Guiding Your AI Adoption Strategy
In charting your AI adoption strategy, consider these essential guidelines:
- Test the Technologies: Pilot programs are invaluable for evaluating AI solutions. While tools like Pactum, Scoutbee, and Arkestro delivered on their promises in our study, other AI-based tools fell short. Tyson Foods, for instance, encountered a significant hiccup when one AI application erroneously categorized a reliable supplier as “high risk.” As Russ Stewart, Senior Vice President of Procurement at Tyson, underscores, “Many AI tools excel at assessing financial risks among publicly traded companies but falter in evaluating the financial stability of private firms or identifying geopolitical risks.

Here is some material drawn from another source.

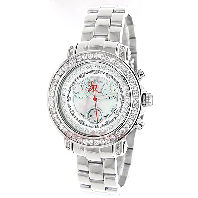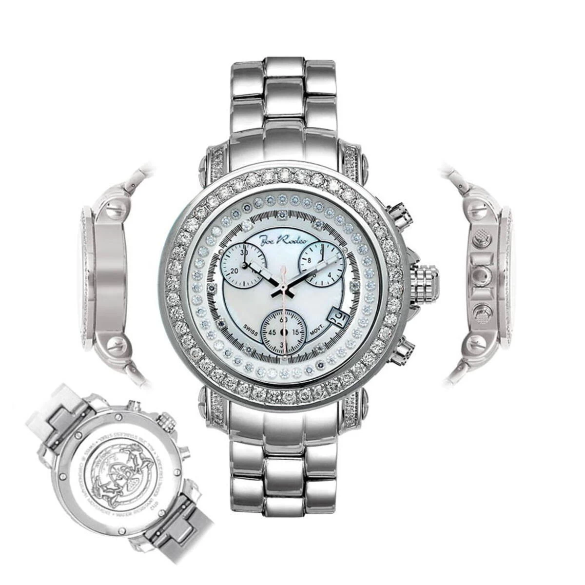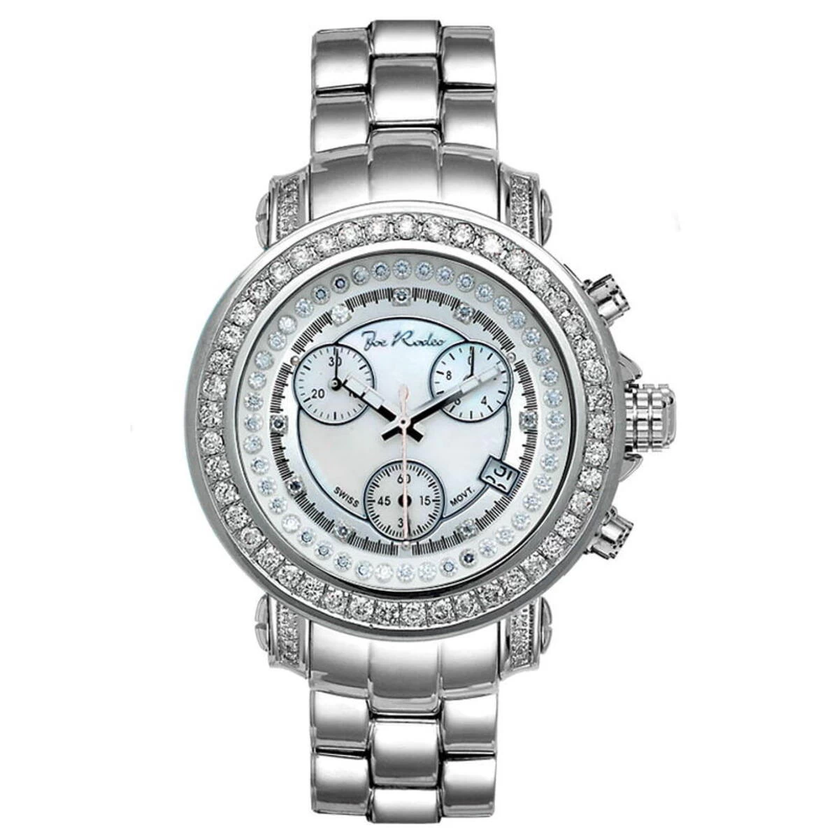 This ladies Joe Rodeo JoJo diamond watch features 2.00 carats of diamonds, a polished rounded Silver stainless steel case, scratch-free crystal glass, individually numbered and engraved stainless steel case-back. White Mother-of Pearl dial (available with black, blue, white and pink mother of pearl dials). Fine Swiss-made quartz movement with chronograph function. Water resistant to 100 m (330 ft). This luxurious women’s diamond watch by Joe Rodeo comes with two interchangeable straps in different colors. The patented strap adjusts once for a perfect fit, and comes on and off with the press of a button.

Numerous technology companies are pitching emerging solutions, aiming to bridge these gaps.”
- Know When Not to Use AI: AI is not a universal remedy. Its value diminishes in stable supplier markets with well-established alternatives and minimal uncertainty. Moreover, AI tools offer limited benefits when robust relationships already yield comprehensive information.
- Build a Portfolio of AI Tools: Given the current landscape of AI solutions, companies must adopt multiple tools tailored to specific tasks and risk levels. Arkestro and Scoutbee excel in identifying potential alternative suppliers, generating multiple options without significant risk. For negotiating rates and contracts, preapproval of AI-generated outputs is crucial, ensuring full legal compliance. A one-size-fits-all AI tool for all supply chain needs remains a distant goal, at least for now.
By adhering to these guidelines and harnessing AI strategically, corporations can fortify their supply chains and emerge resilient in an ever-changing global business landscape.
Conclusion:
The strategic adoption of AI by global corporations for supply chain management represents a significant shift in ensuring resilience and agility in the face of disruptions. This trend highlights the growing importance of AI-driven solutions in enhancing supply chain visibility, diversifying supplier networks, and optimizing procurement processes, ultimately giving these companies a competitive edge in the market. Businesses that fail to embrace these technologies may find themselves at a disadvantage in an increasingly dynamic and unpredictable business environment.